There are no criminals in the Qassim family and, while doubtlessly effective, the legality of their deportation is in doubt.
The court ruling granted them leave to challenge the refusal of their asylum application.
The Brandenburg state refugee council denounced the dawn raid as a “scandalous” example of Germany’s new “deportation agenda, driven by the right wing”.
“The fact that they are Kurdish Yazidis from northern Iraq should have prevented the rejection of their asylum application,” it said. “Germany recognised the Yazidi genocide and said we have a particular responsibility here as a result.”
But German politicians, particularly in the CDU, say they feel a greater responsibility to their own voters. That leads to the second motivator for the migration pivot: an opinion poll which, this week saw the far-right Alternative for Germany (AfD) pull level with the CDU.

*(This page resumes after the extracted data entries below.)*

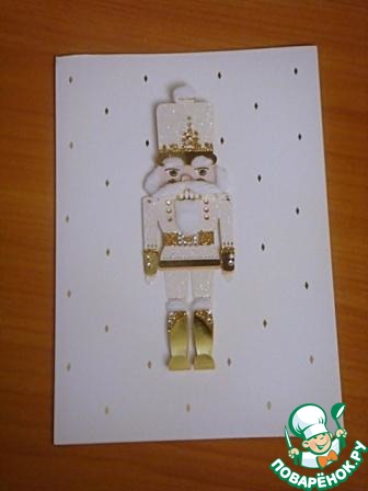 предновогодние дни. На открытке он до того красивый! Объемный! В блестках! Сапожки, одежда украшены камешками, оторочены "меховой" опушкой! Это что-то потрясающая! Хочется разглядывать и разглядывать.
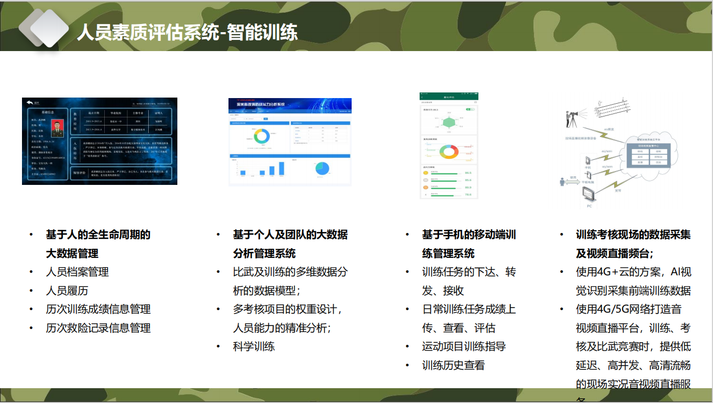 ➢生物特征识别检录子系统,是在训练、考核或比武竞赛过程中,需要对参加人员进行检录时,利用人的生理特征进行个人的身份鉴定,保证参加人员的真实性、准确性,杜绝伪冒和作弊现象。
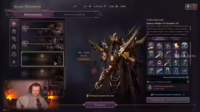13:17:25Nach Inventarproblemen wird der Plan gefasst, einen Dungeon zu starten. Der Streamer entscheidet sich für einen Koop-Dungeon, den 'Todesabgrund', und nutzt die Gruppensuche-Funktion. Nach der Auswahl des Dungeons und der Rollenauswahl startet die Suche nach einer Gruppe. Ein wichtiger Punkt ist die Diskussion über die verschiedenen Dungeon-Schwierigkeitsgrade, wobei man sich für einen angemessenen Levelbereich entscheidet, um eine passende Herausforderung zu finden. Die Suche nach einem Heiler wird als zügig beschrieben, da diese Rolle sehr beliebt ist.
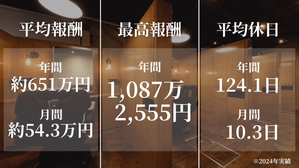 | 年月 | 平均報酬金額 | 平均休日日数 |
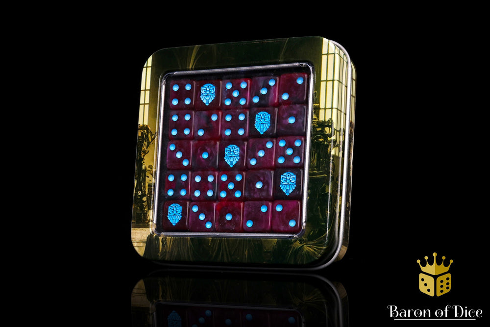 The Dwarves go marching to war!  These contain a mix of rich reds swirled with space darkened blacks and inlaid with a bright glowing blue; hand mixed resin 16mm dice.  The symbols are on the 6 side.  These dice have an option of round or square corner, choose wisely!
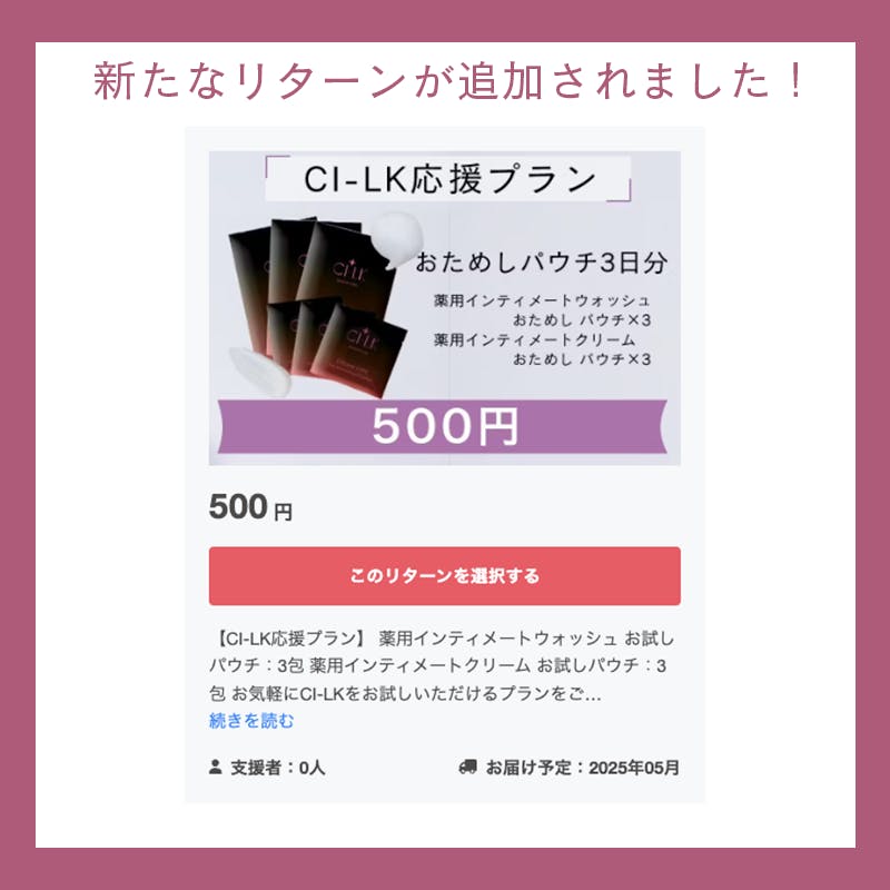 こんばんは!CI-LK責任者のリリーです!いただいた質問の中でも多かった「黒ずみ」に関する内容について回答します!Q.デリケートゾーンの黒ずみに効くって本当ですか?A.はい!もちろん効果的です!美白*有効成分である《ナイアシンアミド》や《3種のビタミンC誘導体》、《プラセンタエキス》などなど、黒ずみにアプローチできる成分を多数配合しています!ただ、使用方法を間違えると悪化させてしまう可能性があります....なので、効果的な使用方法を徹底解説します!!まず、デリケートゾーンの黒ずみの原因は下着やケア中の摩擦による乾燥、デリケートゾーンの汚れ、古い角質によるものがあげられます。そのためケア方法として、一、摩擦を起こさない一、絶対に乾燥させない一、たっぷり使うこの3点を意識してください!具体的な手順としては、1.「CI-LK 薬用インティメートウォッシュ」で外陰唇汚れや古い角質をやさしく洗い流す ※この際摩擦が起きないよう、4〜5プッシュほど手に取りたっぷりの泡であらってください!2.「CI-LK薬用インティメートクリーム」を外陰唇に塗布する。美白*効果のあるナイアシンアミド配合の贅沢クリームがデリケートゾーンへの摩擦による乾燥を防ぎます。ただ、黒ずみを短期間で治すことはかなりむずかしいので、継続していただくのがオススメです!デリケートゾーンの黒ずみだけではなく、おしりや肘、膝、脇などの黒ずみにももちろん効果的です!ぜひ、黒ずみが気になる箇所全身にお試しください♪たっぷり使うためにも今回のクラウドファンディング限定価格をお見逃しのないようにしてください!!【リターン一覧】いただく質問の中でも多い「黒ずみ」に関するお悩み...一緒にケアして健康美白*目指しましょう(*^^*)♡CI-LK責任者 リリー*汚れや古い角質による

[ Germany increases border checks: Alexander Dobrindt oversees radical policy shiftOpens in new window ]
A decade ago, as Germany faced a growing refugee crisis, chancellor Angela Merkel adopted a motivational “we can do this” approach to the challenges of welcoming and integrating more than a million people annually.
Last Friday, her CDU successor Friedrich Merz binned that legacy.
“Some 10 years on we know that, in the [integration] context she meant ... we clearly haven’t managed it,” he told journalists in Berlin.

As Merz spoke in the capital, his interior minister Alexander Dobrindt presided over a gathering of migration hardliners in his native Bavaria.
To the top of the Zugspitze, Germany’s highest peak, Dobrindt invited counterparts from France, Austria, Poland, the Czech Republic and Denmark, as well as European Union home affairs commissioner Magnus Brunner.
The informal gathering proposed greater use of drones at the EU’s outer borders, ex-territorial “return centres” for failed asylum seekers and the use of trade and development aid as leverage in negotiations over returns to third countries.
“We are all concerned that overburdening our countries through illegal migration is contributing massively to the polarisation of society and want to push back against this,” the ministers said in a concluding document.
Despite its pivot, Germany has shied away from backing more radical migration proposals circulating in Europe.
Last May, all of Dobrindt’s Zugspitze guests backed a Danish-Italian demand for reform of the European Convention on Human Rights to “match the challenge that we face today”.
The paper warned that the convention, and the European court that oversees it, no longer reflect the realities of modern migration and, too often, results in “the protection of the wrong people”.
The European Court of Human Rights dismissed the paper, saying “debate is healthy but politicising the court is not”.
The Zugspitze document attempts a balance, vowing to “preserve the judicial independence and guarantees of the European Human Rights Convention” while “respecting the interests of the member states”.
The Zugspitze gathering was an effort by Berlin to ease tensions with its immediate neighbours over its new border checks and refusal to accept asylum seekers from other EU states.
Warsaw and other capitals are holding their tongues in public, anxious not to halt Dobrindt’s momentum.
His ministry organised a second deportation flight last week with 81 people aboard, this time to Kabul.
To assist with this and future deportations, Berlin confirmed it had accredited two Afghan consular officials to work from Germany.
It was a bold move given the previous refusal of Berlin, along with other western capitals, to recognise the Taliban-led regime.
Opposition politicians have denounced the move as a “de facto diplomatic recognition” of the Taliban regime that regained power in Afghanistan in 2021 but remains internationally isolated largely over its human rights record, particularly towards women and girls.
While German migration analysts warn of a populist race to the bottom, Dobrindt’s message to voters is clear: “When ít comes to migration, Germany is no longer the brake but the locomotive.”